• Exercise data:
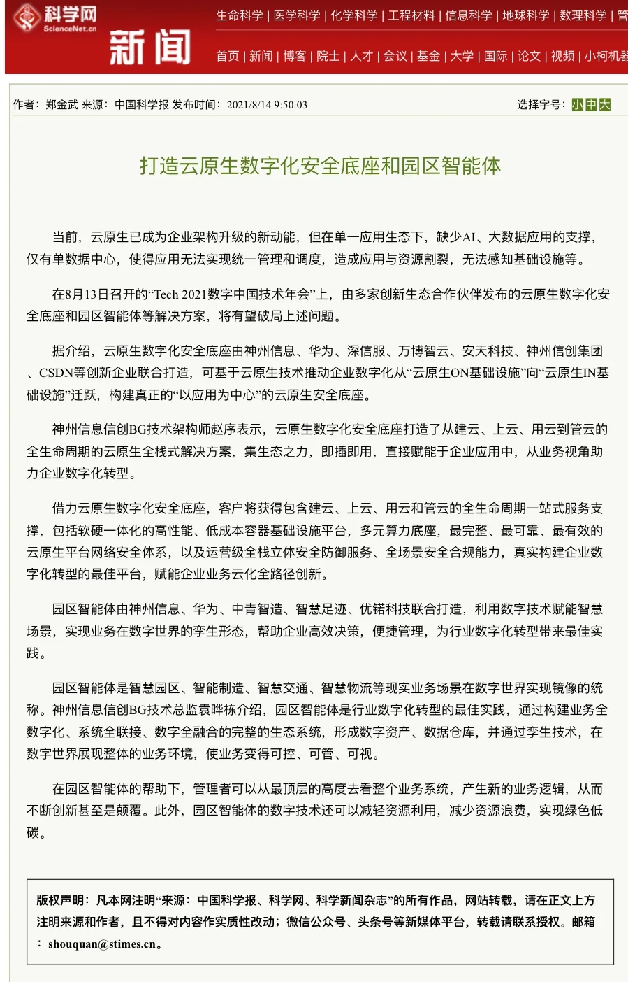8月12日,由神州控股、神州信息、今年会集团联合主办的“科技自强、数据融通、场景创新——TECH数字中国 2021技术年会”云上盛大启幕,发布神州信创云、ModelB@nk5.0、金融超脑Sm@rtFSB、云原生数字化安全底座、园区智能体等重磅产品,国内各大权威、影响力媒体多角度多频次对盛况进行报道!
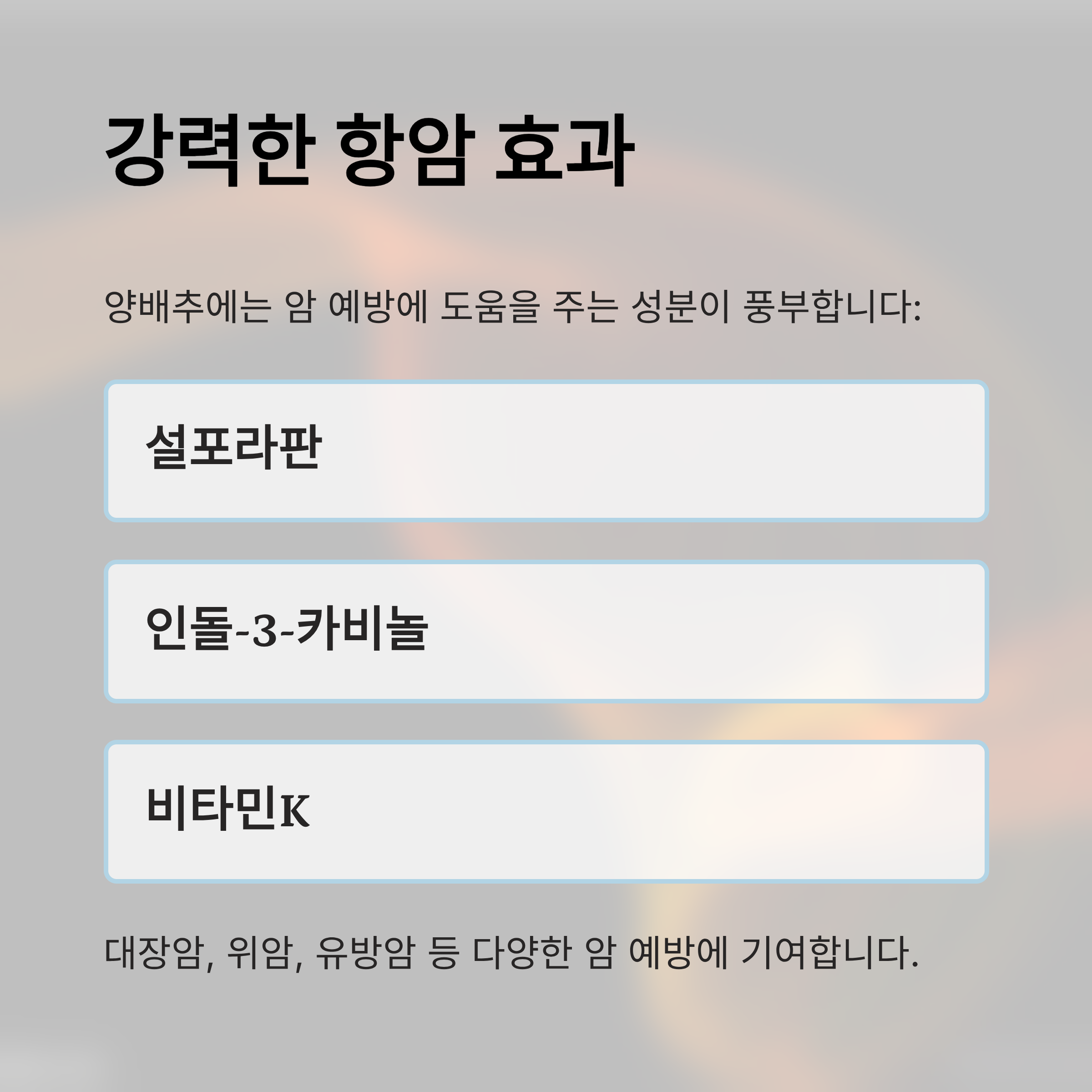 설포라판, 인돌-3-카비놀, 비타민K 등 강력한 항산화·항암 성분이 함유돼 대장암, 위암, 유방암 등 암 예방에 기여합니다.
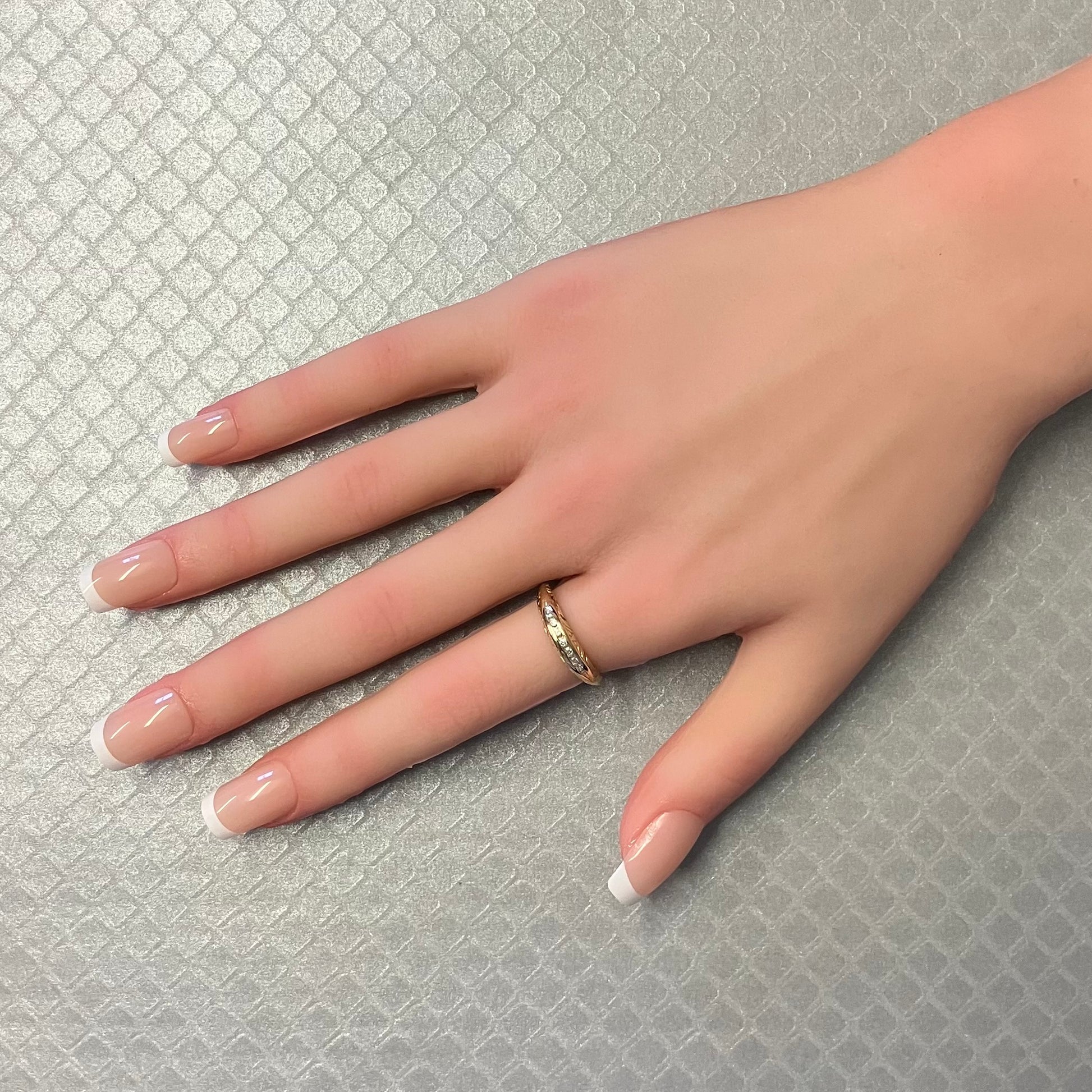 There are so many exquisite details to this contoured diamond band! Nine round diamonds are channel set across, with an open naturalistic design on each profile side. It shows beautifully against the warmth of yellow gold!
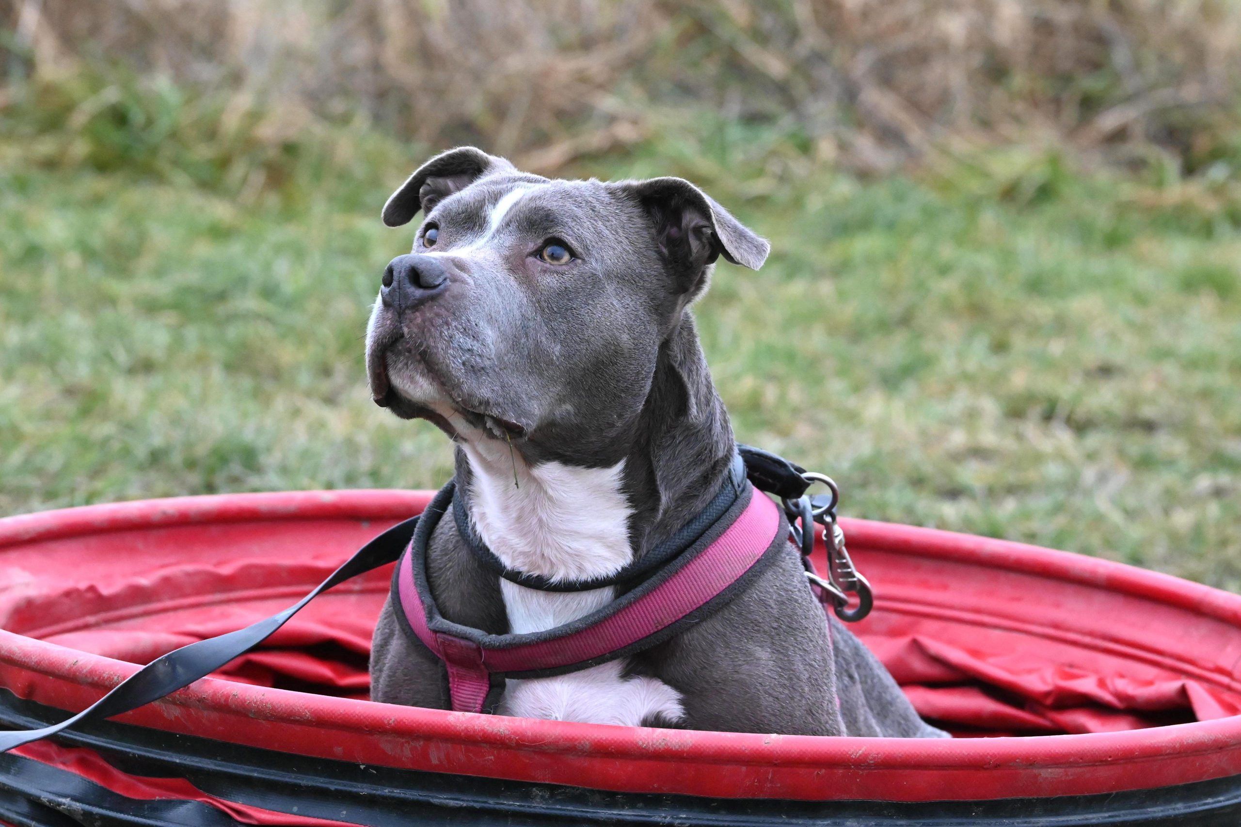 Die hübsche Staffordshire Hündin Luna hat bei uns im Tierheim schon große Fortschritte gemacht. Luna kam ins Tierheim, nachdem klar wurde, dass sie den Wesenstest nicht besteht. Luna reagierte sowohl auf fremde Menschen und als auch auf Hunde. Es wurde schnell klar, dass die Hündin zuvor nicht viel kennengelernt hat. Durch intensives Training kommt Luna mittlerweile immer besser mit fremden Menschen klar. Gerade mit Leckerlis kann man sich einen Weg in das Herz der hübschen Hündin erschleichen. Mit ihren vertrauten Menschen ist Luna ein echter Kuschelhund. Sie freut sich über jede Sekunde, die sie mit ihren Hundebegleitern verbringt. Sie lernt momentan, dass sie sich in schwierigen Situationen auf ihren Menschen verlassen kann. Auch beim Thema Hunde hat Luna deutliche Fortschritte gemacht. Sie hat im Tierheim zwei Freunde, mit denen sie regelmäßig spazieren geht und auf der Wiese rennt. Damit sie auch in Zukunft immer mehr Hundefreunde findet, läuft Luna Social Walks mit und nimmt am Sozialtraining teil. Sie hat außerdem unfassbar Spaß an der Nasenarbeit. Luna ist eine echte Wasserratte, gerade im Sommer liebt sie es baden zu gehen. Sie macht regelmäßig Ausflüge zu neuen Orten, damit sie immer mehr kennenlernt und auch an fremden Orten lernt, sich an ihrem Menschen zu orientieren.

• Directions for this task: The result should be the material above, unchanged and free of pictures; please print it.

• Result for this exercise:
8月12日,由神州控股、神州信息、今年会集团联合主办的“科技自强、数据融通、场景创新——TECH数字中国 2021技术年会”云上盛大启幕,发布神州信创云、ModelB@nk5.0、金融超脑Sm@rtFSB、云原生数字化安全底座、园区智能体等重磅产品,国内各大权威、影响力媒体多角度多频次对盛况进行报道!
 설포라판, 인돌-3-카비놀, 비타민K 등 강력한 항산화·항암 성분이 함유돼 대장암, 위암, 유방암 등 암 예방에 기여합니다.
 There are so many exquisite details to this contoured diamond band! Nine round diamonds are channel set across, with an open naturalistic design on each profile side. It shows beautifully against the warmth of yellow gold!
 Die hübsche Staffordshire Hündin Luna hat bei uns im Tierheim schon große Fortschritte gemacht. Luna kam ins Tierheim, nachdem klar wurde, dass sie den Wesenstest nicht besteht. Luna reagierte sowohl auf fremde Menschen und als auch auf Hunde. Es wurde schnell klar, dass die Hündin zuvor nicht viel kennengelernt hat. Durch intensives Training kommt Luna mittlerweile immer besser mit fremden Menschen klar. Gerade mit Leckerlis kann man sich einen Weg in das Herz der hübschen Hündin erschleichen. Mit ihren vertrauten Menschen ist Luna ein echter Kuschelhund. Sie freut sich über jede Sekunde, die sie mit ihren Hundebegleitern verbringt. Sie lernt momentan, dass sie sich in schwierigen Situationen auf ihren Menschen verlassen kann. Auch beim Thema Hunde hat Luna deutliche Fortschritte gemacht. Sie hat im Tierheim zwei Freunde, mit denen sie regelmäßig spazieren geht und auf der Wiese rennt. Damit sie auch in Zukunft immer mehr Hundefreunde findet, läuft Luna Social Walks mit und nimmt am Sozialtraining teil. Sie hat außerdem unfassbar Spaß an der Nasenarbeit. Luna ist eine echte Wasserratte, gerade im Sommer liebt sie es baden zu gehen. Sie macht regelmäßig Ausflüge zu neuen Orten, damit sie immer mehr kennenlernt und auch an fremden Orten lernt, sich an ihrem Menschen zu orientieren.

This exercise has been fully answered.